* **Task goal**
Please restate word for word the lines of the entries below from the one with "Munskydd Venom är" to the one with "Диплом об окончании", inclusive, and leave out every picture.

* **Extracted data**
============
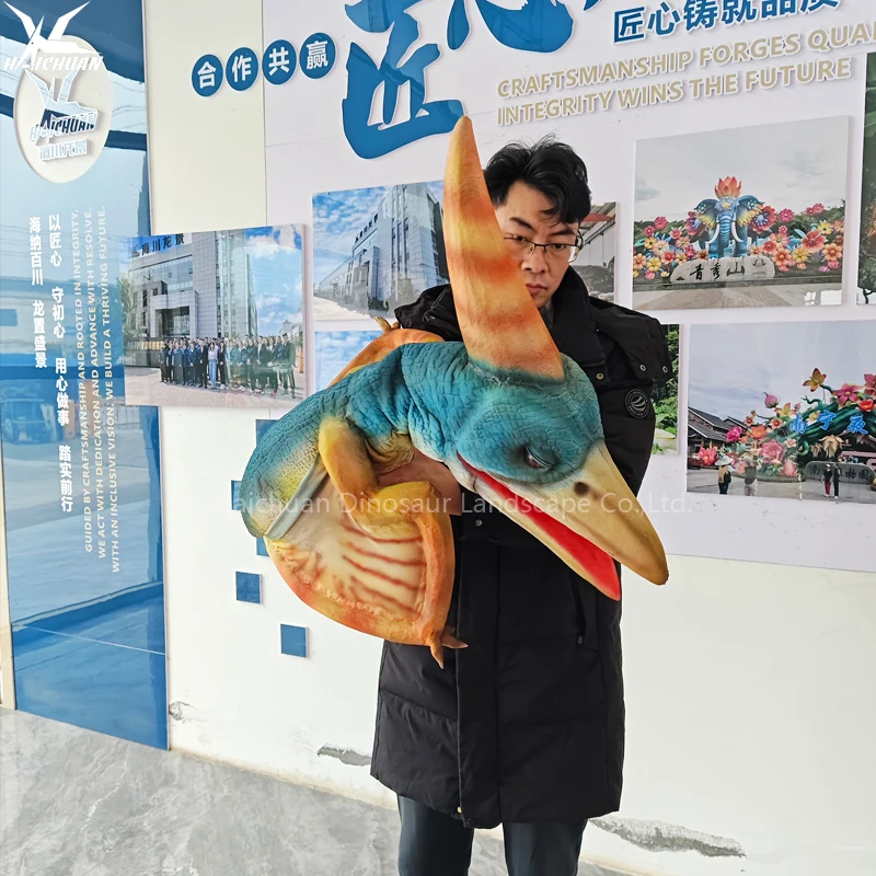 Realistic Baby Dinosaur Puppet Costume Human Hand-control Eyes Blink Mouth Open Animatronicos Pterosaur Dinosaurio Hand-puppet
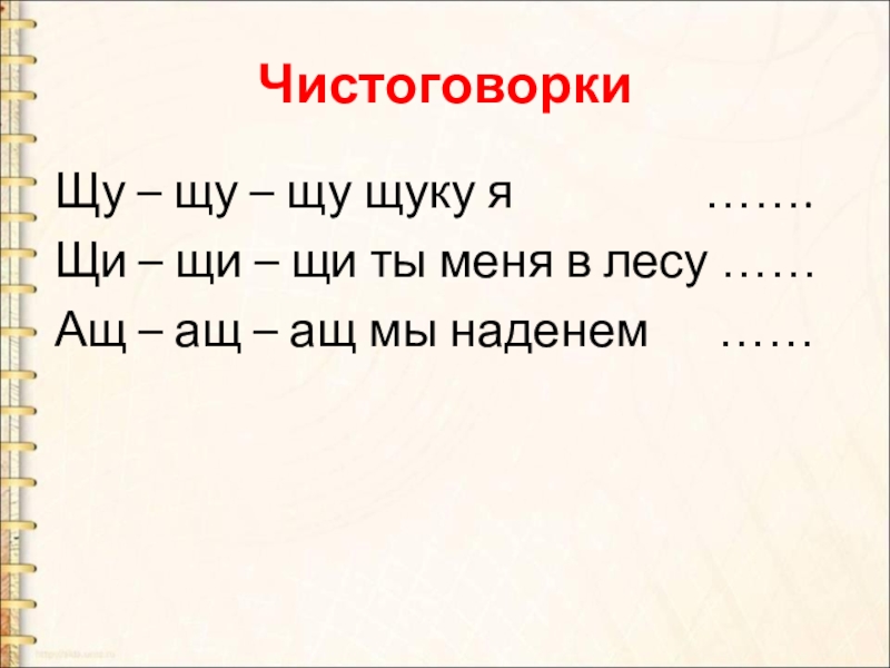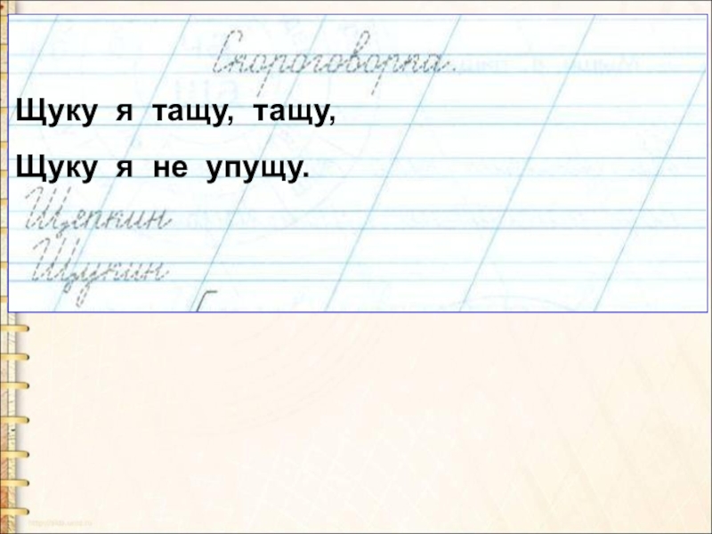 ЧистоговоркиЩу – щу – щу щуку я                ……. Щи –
============
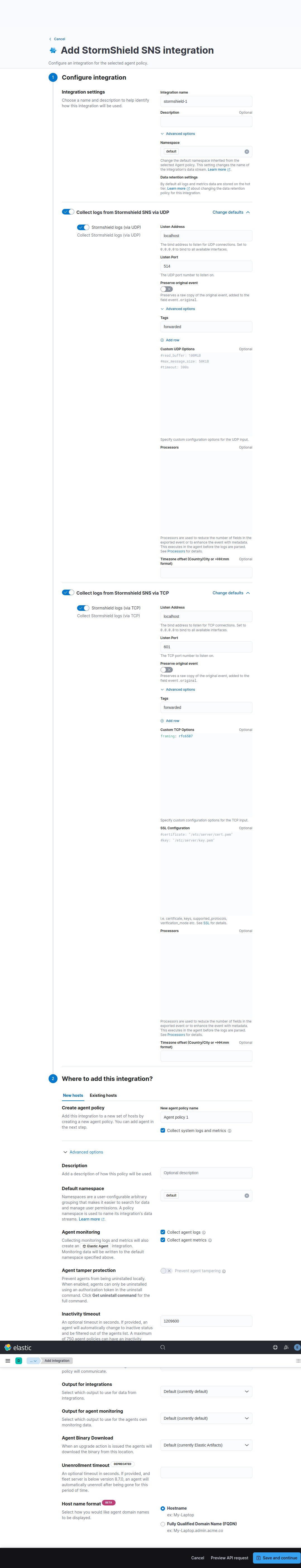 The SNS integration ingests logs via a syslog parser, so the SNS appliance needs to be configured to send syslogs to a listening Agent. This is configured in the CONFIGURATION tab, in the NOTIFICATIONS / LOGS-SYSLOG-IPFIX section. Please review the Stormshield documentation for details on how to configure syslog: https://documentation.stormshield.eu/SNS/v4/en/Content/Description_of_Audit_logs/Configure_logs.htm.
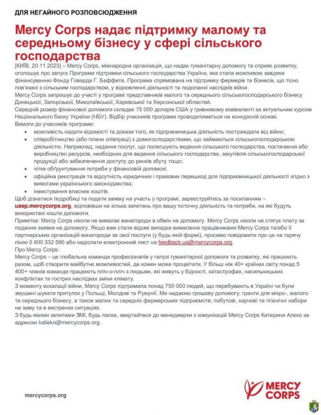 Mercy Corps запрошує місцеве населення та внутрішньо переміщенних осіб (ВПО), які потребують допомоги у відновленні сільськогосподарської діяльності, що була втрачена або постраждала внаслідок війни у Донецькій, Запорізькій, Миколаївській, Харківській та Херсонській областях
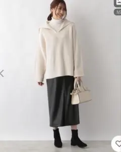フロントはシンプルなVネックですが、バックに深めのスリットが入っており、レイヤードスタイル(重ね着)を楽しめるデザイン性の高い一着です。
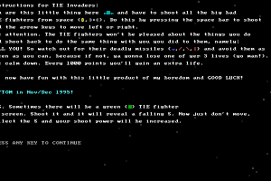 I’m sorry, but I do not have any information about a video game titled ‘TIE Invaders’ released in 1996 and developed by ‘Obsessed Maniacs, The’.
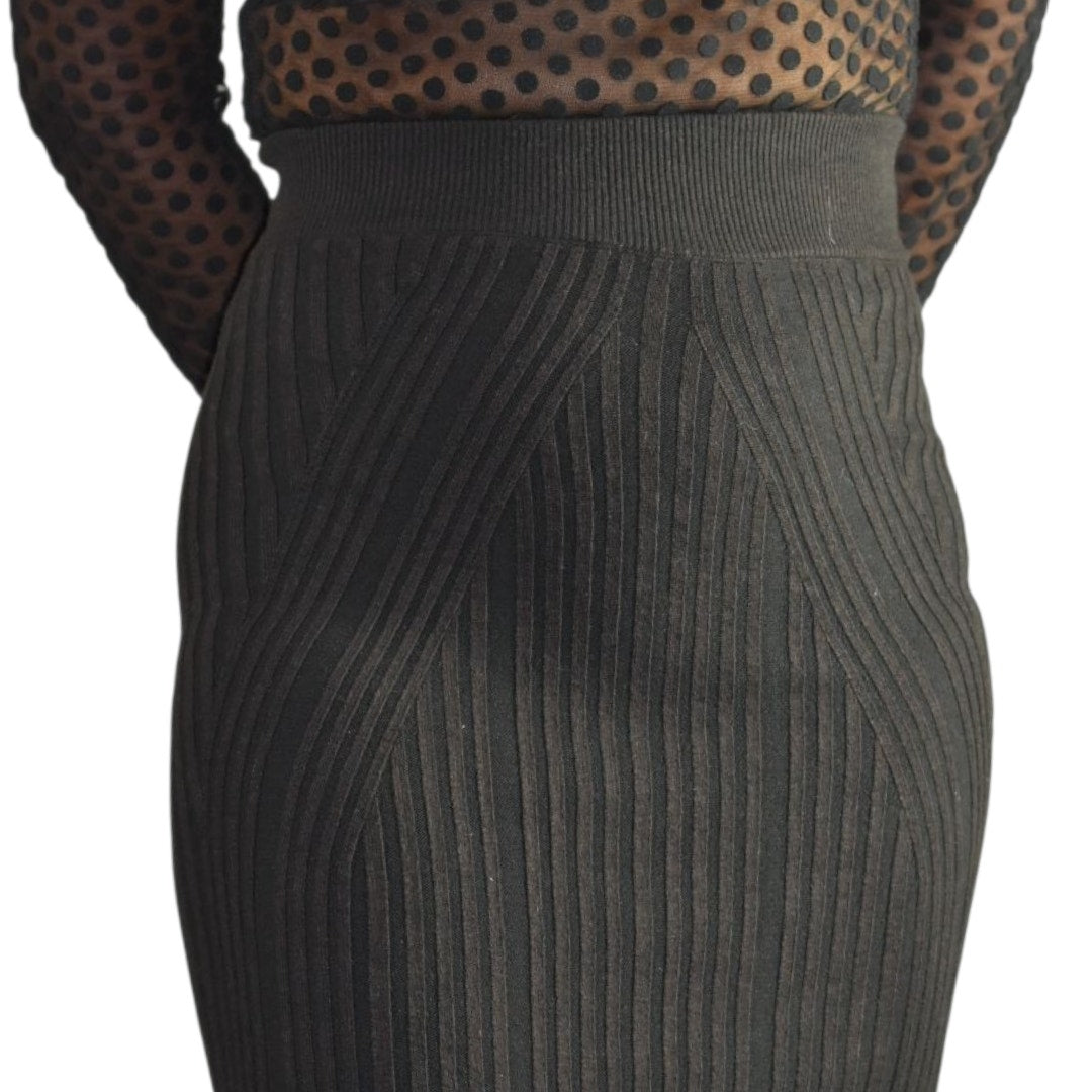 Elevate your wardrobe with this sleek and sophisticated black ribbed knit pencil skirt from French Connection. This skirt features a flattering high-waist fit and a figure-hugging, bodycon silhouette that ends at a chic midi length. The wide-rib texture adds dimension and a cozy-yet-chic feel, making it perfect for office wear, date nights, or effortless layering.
============
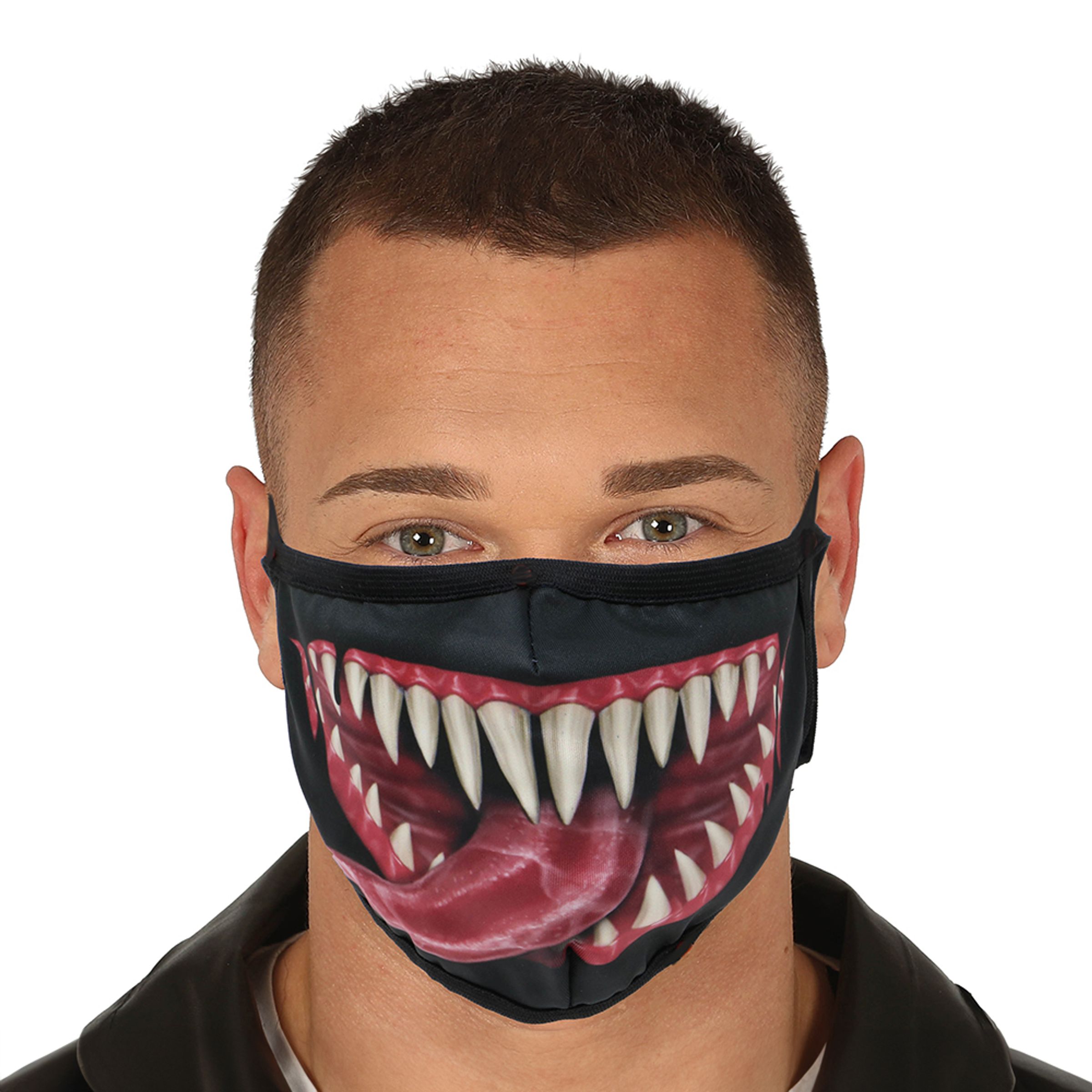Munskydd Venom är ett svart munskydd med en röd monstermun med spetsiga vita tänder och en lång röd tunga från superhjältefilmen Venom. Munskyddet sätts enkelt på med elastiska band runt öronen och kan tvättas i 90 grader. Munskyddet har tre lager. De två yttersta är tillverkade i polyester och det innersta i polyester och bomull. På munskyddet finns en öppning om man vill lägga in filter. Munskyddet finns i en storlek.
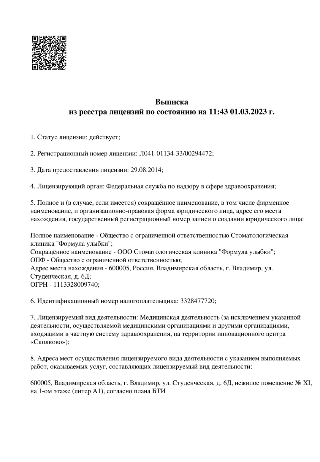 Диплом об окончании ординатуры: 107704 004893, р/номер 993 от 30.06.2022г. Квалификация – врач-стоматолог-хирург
============
* **Solution below**
Munskydd Venom är ett svart munskydd med en röd monstermun med spetsiga vita tänder och en lång röd tunga från superhjältefilmen Venom. Munskyddet sätts enkelt på med elastiska band runt öronen och kan tvättas i 90 grader. Munskyddet har tre lager. De två yttersta är tillverkade i polyester och det innersta i polyester och bomull. På munskyddet finns en öppning om man vill lägga in filter. Munskyddet finns i en storlek.
 Диплом об окончании ординатуры: 107704 004893, р/номер 993 от 30.06.2022г. Квалификация – врач-стоматолог-хирург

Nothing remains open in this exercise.